Eckart Conze: Schatten des Kaiserreichs. Die Reichsgründung von 1871 und ihr schwieriges Erbe. dtv, München 2020. 288 Seiten
Die „Kriegsgeburt“ des Kaiserreich ist nach Eckart Conze kein positiver Bezugspunkt des wiedervereinigten, postnationalen, demokratischen Deutschlands, sondern allenfalls ein Beispiel für die Gefahren einer Renationalisierung. Wie demokratisch war der neue Staat? Hat sich Deutschland damals auf einen „Sonderweg“ in die Moderne begeben? War in der Reichsgründung der Weg zum Ersten Weltkrieg bereits angelegt. Was verbindet 1871 und 1933, was Versailles und Auschwitz? Die Bundesrepublik stehe nicht in positiver Verbindung zur Reichsgründung: »Es gibt nichts zu feiern. Das Reich von 1871, es ist vergangen. Das Deutschland der Gegenwart steht nicht in seiner Tradition.«

Oliver Haardt: Bismarcks ewiger Bund. wbg Theiss, Darmstadt 2020. 944 Seiten
Wie verwickelt der Weg zur deutschen Einigung 1871 war, erzählt Oliver Haardt in seinem Werk anhand der Verfassungsgeschichte des Reiches und setzt damit einen ganz anderen Schwerpunkt als die deutschen Autoren. So sei das Deustche Reich kein von Preußen dominierter Autokratenstaat gewesen, sondern ein föderaler Verfassungsstaat. Stark nach außen, instabil nach innen: Innenpolitische Machtkämpfe hielten das Regierungssystem ständig im Fluss. Trotz aller internen Spannungen konnte sich das Kaiserreich jedoch zum ersten deutschen Nationalstaat entwickeln, aus dem die Weimarer Republik hervorging. Die politische Kultur des Kaiserreichs hinterlässt bis heute Spuren in der europäischen Politik. Zum Beispiel ähneln die Föderalstrukturen der Europäischen Union denen des Kaiserreiches in einigen wichtigen Punkten in bemerkenswerter Weise.

Schon länger im Bestand:
  • Tobias Arand: 1870/71 - die Geschichte des Deutsch-Französischen Krieges erzählt in Einzelschicksalen. Hamburg, Osburg Verlag, 2019.
  • Lothar Machtan: Kaisersturz. Vom scheitern im Herzen der Macht. Darmstadt, wbg Theiss, 2018.

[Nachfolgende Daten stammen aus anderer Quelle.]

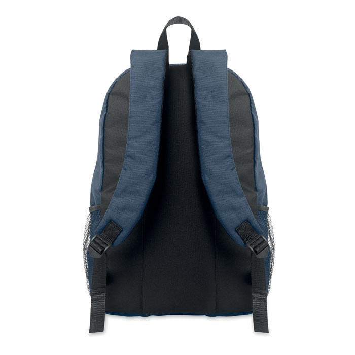 Sac à dos en polyester 600D RPET avec cordon et poche frontale zippée. Poches en filet sur les deux côtés.

  • Christopher Clark: Wilhelm II. Die Herrschaft des letzten deutschen Kaisers. München, Pantheon, 2018.
  • Klaus-Jürgen Bremm: 1866. Bismarcks Krieg gegen die Habsburger. Darmstadt, Theiss, 2016.
  • Christoph Nonn: Bismarck. Ein Preuße und sein Jahrhundert. München, Beck, 2015.
  • Deutschland um 1900. Ein Porträt in Farbe. Köln, Taschen, 2015.
  • Frank Lorenz Müller: Der 99-Tage-Kaiser. Friedrich III. von Preußen - Prinz, Monarch, Mythos. München, Siedler, 2013.